To produce the book at hand, my editor, Kathryn Court, assisted by Caroline White, has treated the writing and the writer, too, with energy, affection and address. Beena Kamlani’s efforts to copy-edit a fairly large and unruly manuscript have been heroic. Ann Gold, with all her artistry joined by Amy Hill’s, has designed a volume to companion the two that came before it. Anita Karl and James Kemp have drawn up the fine maps to guide the reader through the wilds of Homer’s world. Mary Sunden has labored long and hard with Joe Marcey and Peter Smith to find this version of the Iliad some readers. And the good people at Viking Penguin—Michael Jacobs, Christine Pevitt, Leigh Butler, Paul Slovak, Marcia Burch, Faye Darnall, Maureen Donnelly, Daniel Lundy, Cynthia Achar, Roni Axelrod—all have been loyal allies in New York. In London Peter Carson and Paul Keegan have been generous hosts to the latest Homer in the house.

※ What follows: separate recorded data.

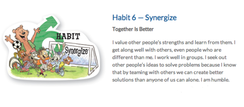I value other people's strengths and learn from them. I get along well with others, even people who are different than me. I work well in groups. I seek out other people's ideas to solve problems because I know that by teaming with others we can create better solutions than anyone of us can alone. I am humble.
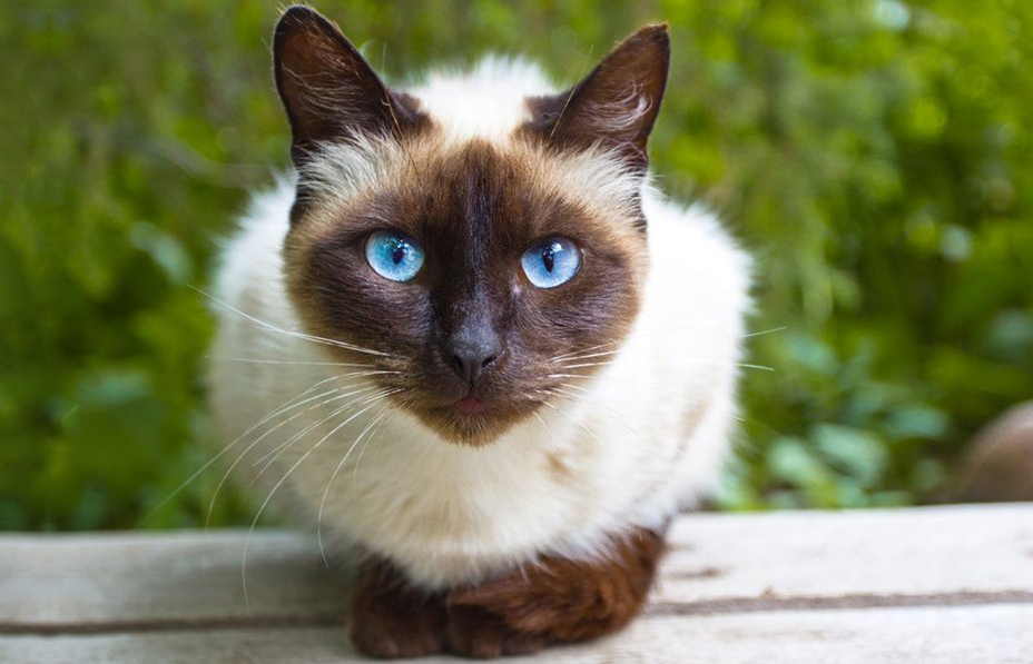 - Сиамские кошки легко узнаваемы благодаря контрастному окрасу и выразительным бирюзовым глазам.
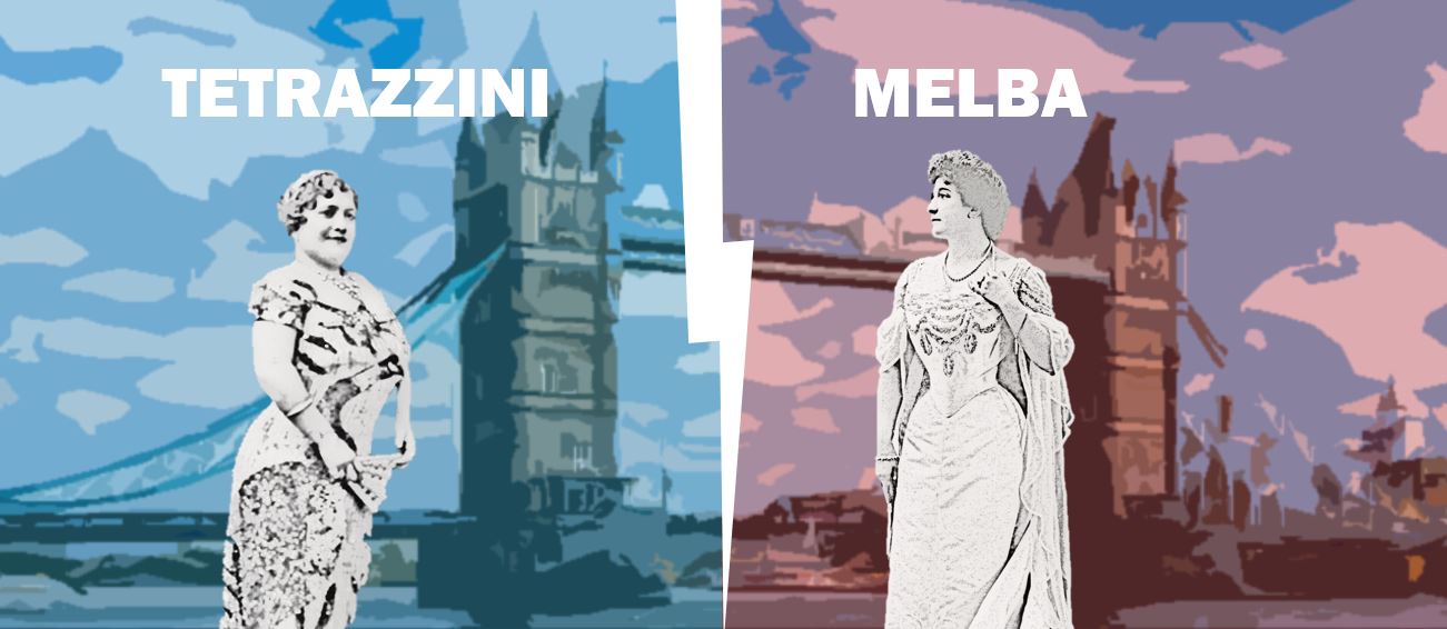 Луиза Тетраццини была одной из великих звезд оперного мира начала ХХ века. Она была одаренным колоратурным сопрано и великой соперницей Нелли Мельбы. В 1907 году она неожиданно дебютировала в Ковент-Гардене, что застало ее австралийскую соперницу врасплох. Нелли Мельба насмехалась над своей полнотелой соперницей на вечеринке, встав на четвереньки и показав, как лошадь в “Гугенотах” должна бороться, чтобы нести Луизу Тетраццини.
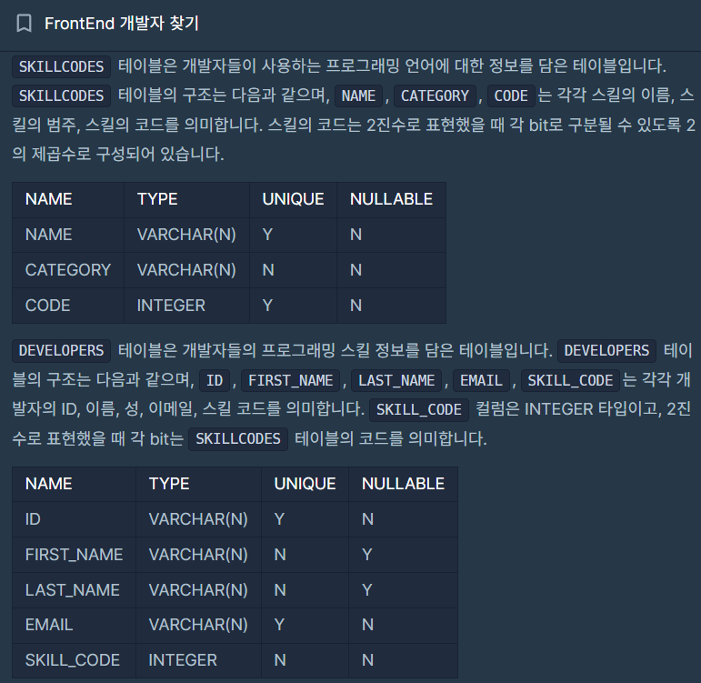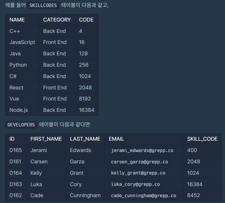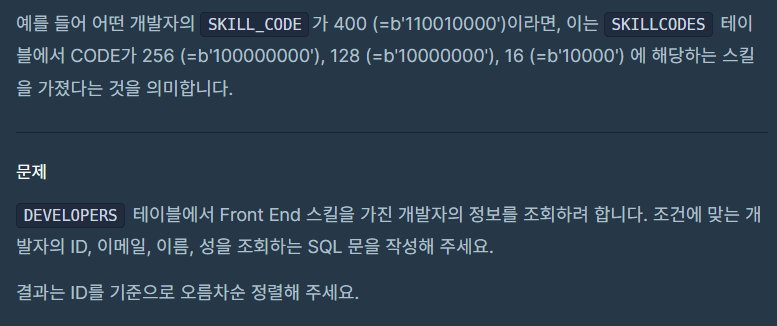 - DEVELOPERS.SKILL_CODE와 SKILLCODES.CODE를 비트 AND 연산해서 0보다 크면 Front End 스킬 보유자임
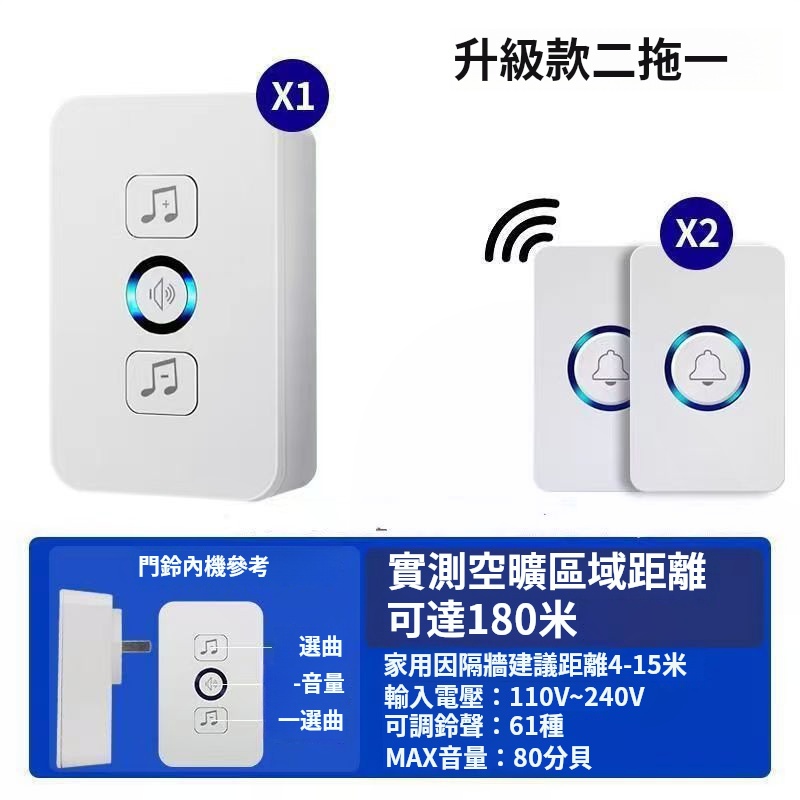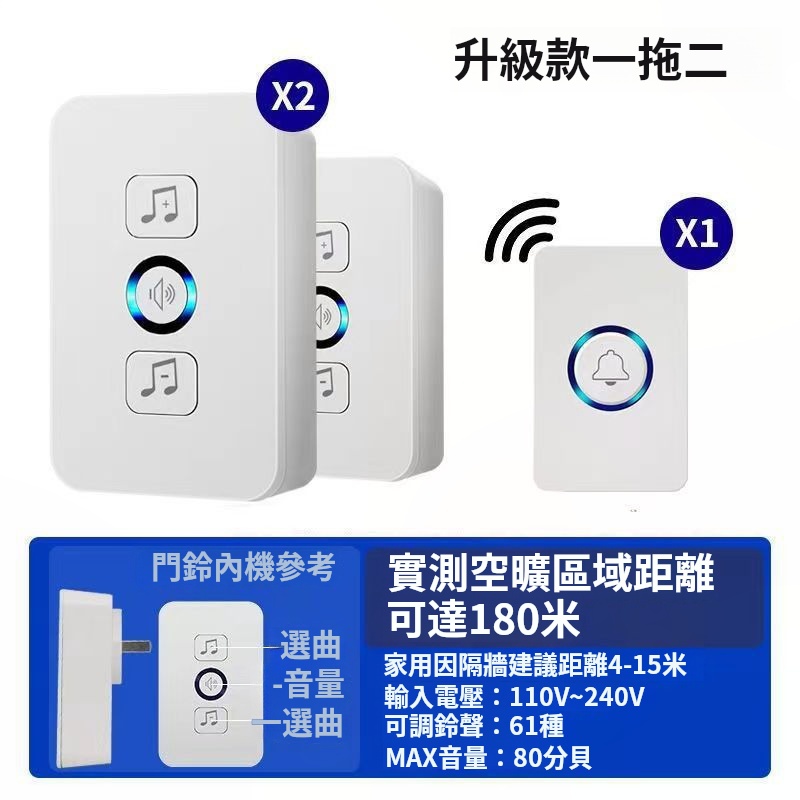 [1]「遠距離無線門鈴」升級款2拖1 NT$1180
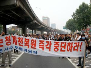 세월이 흐른 지금도 이명박 서울시장 시절의 ‘청계천 복원공사’ 이야기를 꺼내는 이유는 그 후 시장이 두 번 바뀌었어도 이 지역 개발을 둘러싼 공간의 변화와 갈등이 여전히 진행되고 있기 때문이다. 서울시는 청계천 복원사업을 추진하는 과정에서 분열과 배제 그리고 통제로 일관하였다. 분열을 둘러싼 대표적인 사례는 삼일아파트 철거민의 이주 대책을 둘러싸고 대책위원장의 매수라는 방법을 쓴 것인데, 상인들의 대책기구인 ‘청계천 상권수호 대책위원회’ 는 강건파와 온건파로 갈리고, 서울시는 자신의 입장을 관철할 수 있는 온건파를 협상 파트너로 삼
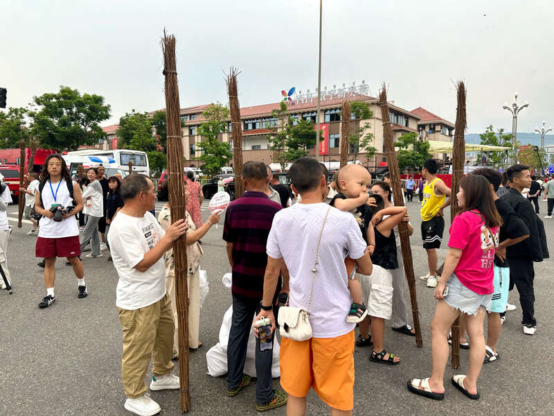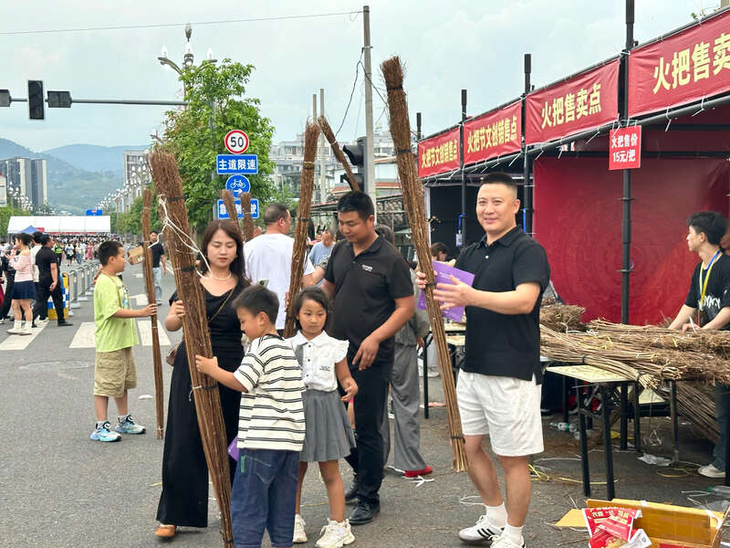 刚刚购买完火把的游客。中青报·中青网记者 陈晓/摄

Before he left the publisher my former editor, Alan Williams, who saw me through the troubles of Aeschylus and Sophocles, gave my plans a happy push toward Troy. Prior to the present volume, Ben Sonnenberg graciously opened the pages of Grand Street and ran three books of the translation. Reginald Gibbons gave another book a timely berth in TriQuarterly. And through it all, without the unfailing stay and strategies of my friend and agent Georges Borchardt, assisted by Cindy Klein, this Iliad might never have been published.

“The Classics, it is the Classics!” Blake exclaimed, with pointed reference to Homer, “that Desolate Europe with Wars!” The violence of the Iliad can be overpowering, as it was for Simone Weil and many others, yet, as the Introduction observes, Homer makes that violence coexist with humanity and compassion, as close together as the city at war and the city at peace emblazoned on Achilles’ shield. If the translation offers any sense of this, it is because the translator has often consulted the familiar spirits of Adam and Anne Parry, and always relied on the Muses summoned in the dedication, chief among them Lynne.

R.F.

Princeton, New Jersey

June 17, 1990

A NOTE ON THIS PRINTING:

This printing contains minor revisions of the text.